THE WORD “COUNSELING” is defined in many dictionaries as “giving advice” or “warning.” People in trouble in their marital relationships have always been the recipients of all kinds of well-meant advice, and in that “educational” sense marriage counseling is probably as old and as universal as marriage itself. It has been carried on through the centuries and in many parts of the world by interested relatives and friends, and by ministers, doctors, teachers, lawyers and others with varying degrees of professional formality.

In previous centuries any marriage counseling had as its primary purpose the helping of wives to make the best of difficult situations in male-dominated “partnerships”; or possibly, in some cases, inducing husbands to be a little more understanding, sympathetic and tolerant to their wives and children. In such autocratic marriages wives were largely forced to make the best of whatever kind of marital situation they were drawn into, and marriage counseling was largely concerned with giving direct advice-or even using coercion. This attitude to marriage counseling still exists in some quarters.

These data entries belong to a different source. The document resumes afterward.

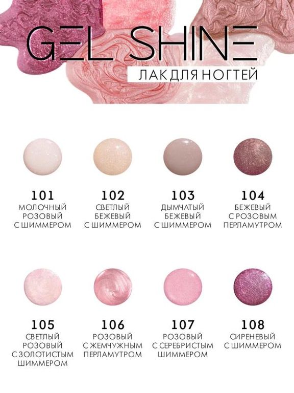 Лак для ногтей GEL SHINE с разнообразным жемчужным перламутром и сияющим шиммером. Суперстойкое глянцевое покрытие сохраняет блеск и сияние, продержится без сколов на ногтях до 5 дней. Быстросохнущая формула и широкая салонная кисть для быстрого и равномерного нанесения лака без полос и разводов. Cтойкий перламутровый лак для ногтей GEL SHINE создает восхитительные переливы на ногтях. Безопасная формула «5FREE»: не содержит толуол, формальдегид, формальдегидные смолы, камфору, дибутилфталат.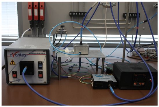 The surface morphology and the elemental distribution were also observed by an FEI XL30 scanning electron microscopy (SEM) with an energy-dispersive X-ray (EDX) analyzer (FEI Company, Hillsboro, Oregon) based on a silicon detector and an S-UTW-Window operating at 30 kV acceleration voltage. The values of optical transmittance were measured in the wavelength range of 250–900 nm using an Ocean Optics spectrometer (Orlando, FL, USA) The dependence of the transmittance of optically transparent nanostructured NiO/Au and TiO2/Au films on hydrogen gas concentration in the range of 100 to 500 ppm was investigated. The experimental setup consisted of a gas flow chamber with an optical window, a light source (AvaLight-DH-S-BAL, Avantes) (Apeldoorn, The Netherlands), a USB4000 fiber optic spectrometer (Ocean Optics), optical fibers, and a computer with spectroscopy software (SpectraSuite 2.0 Ocean Optics) for transmission measurements (Figure 8). The target glass plates with the oxides were placed on a hot plate in the gas flow chamber. Using a temperature controller, the temperature of the hot plate was set to 300 °C and stabilized for 30 min. Then, a mixture of hydrogen and synthetic dry air was allowed to flow through the chamber at a flow rate of 200 mL/min. After the response stabilized (15 min), the optical spectra were acquired in the range of 300 to 900 nm. To evaluate the dependence of transmittance on hydrogen concentration at the point of highest response change, the transmittance values at 350 nm for the NiO/Au and 820 nm for the TiO2/Au were recorded, respectively.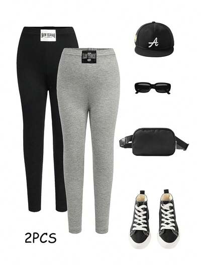 Conjunto de top e leggings casuais tricotados em cor sólida com estampa de letra para garotas.-60%

But the steep rise in the divorce rate, and the large but unassessable separation rate over the last half century, suggest that these traditional methods of counseling are not sufficiently effective in the face of the strains of modern marriage. And this is amply confirmed by the experience of workers in many special fields of social service who come into direct or indirect contact with marital and family conflict. This has sometimes led to the belief that the situation is not open to remedy, that the relationship between husband and wife is too private and too personal to be accessible to any community welfare project.

In recent years, however-beginning in America in 1929, in Great Britain in 1938, and in Australia in 1947—there has been a gradual emergence and development of a new and much more rational approach to the whole project of helping people in serious marital and family conflict. This newer approach has been and is still being based on the practical experience of people of varying professional backgrounds, and it is being continually tested by trial and error experience rather than by theoretical ideas. It has borrowed from many basic disciplines, such as psychology, religion, medicine, sociology, education, psychiatry, and anthropology, and has been helped greatly by the technical resource of the tape recorder (in research institutes), through which interviews can be preserved with many of their emotional overtones, and from which many lessons can be learned.